Action item — The data below is to be written out exactly, with no pictures.

Supplied data —

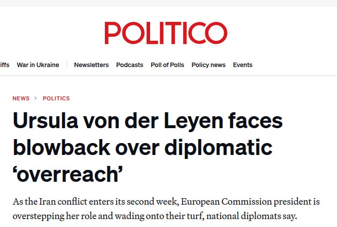 Как отмечает Politico, в первые дни кризиса фон дер Ляйен сигнализировала о поддержке смены власти в Тегеране и провела не менее дюжины телефонных разговоров с лидерами ЕС и государств Персидского залива, заняв позиции, выходящие за рамки консенсуса стран-членов.
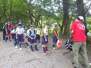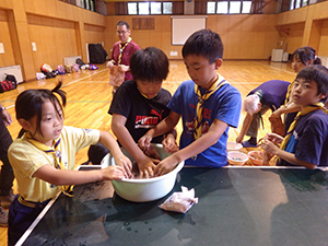 最終日、若干の悪天候ですがプログラムは『草木染め』なので、実施出来そう。1日目からお世話になった施設の方の指導を受けて、自分たちの作品を作りました。最後に、優秀組(1組)の発表や優秀スカウト、リーダー賞の発表をして、六甲の山から下りてきました。(M34)
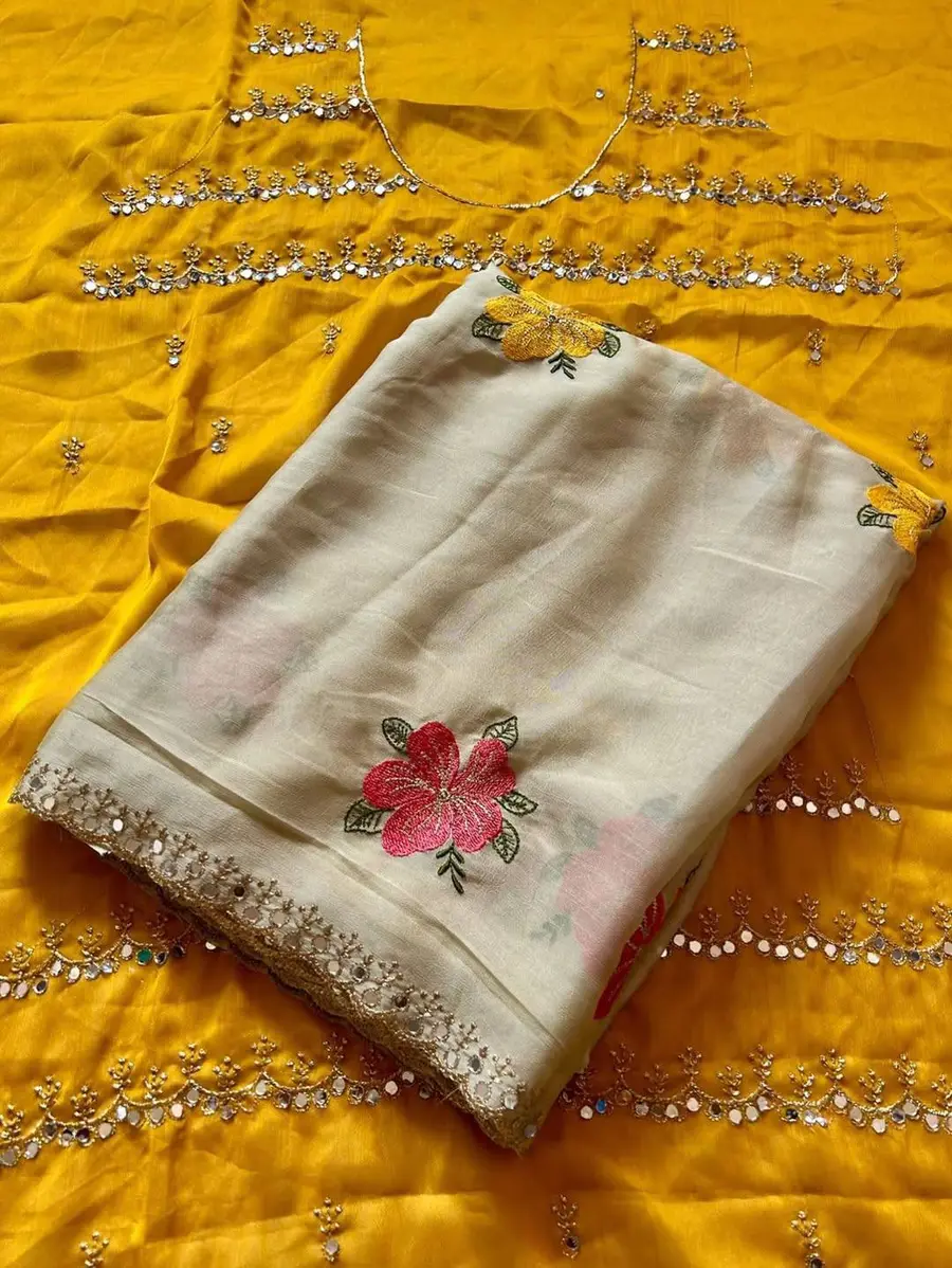DESIGNER RANGOLI SILK EMBROIDERY AND REAL MIRROR ALL OVER AND ZARI WORK SAREE WITH UNSTITCHED BLOUSE CREAM

Problem solution —
 Как отмечает Politico, в первые дни кризиса фон дер Ляйен сигнализировала о поддержке смены власти в Тегеране и провела не менее дюжины телефонных разговоров с лидерами ЕС и государств Персидского залива, заняв позиции, выходящие за рамки консенсуса стран-членов.
 最終日、若干の悪天候ですがプログラムは『草木染め』なので、実施出来そう。1日目からお世話になった施設の方の指導を受けて、自分たちの作品を作りました。最後に、優秀組(1組)の発表や優秀スカウト、リーダー賞の発表をして、六甲の山から下りてきました。(M34)
DESIGNER RANGOLI SILK EMBROIDERY AND REAL MIRROR ALL OVER AND ZARI WORK SAREE WITH UNSTITCHED BLOUSE CREAM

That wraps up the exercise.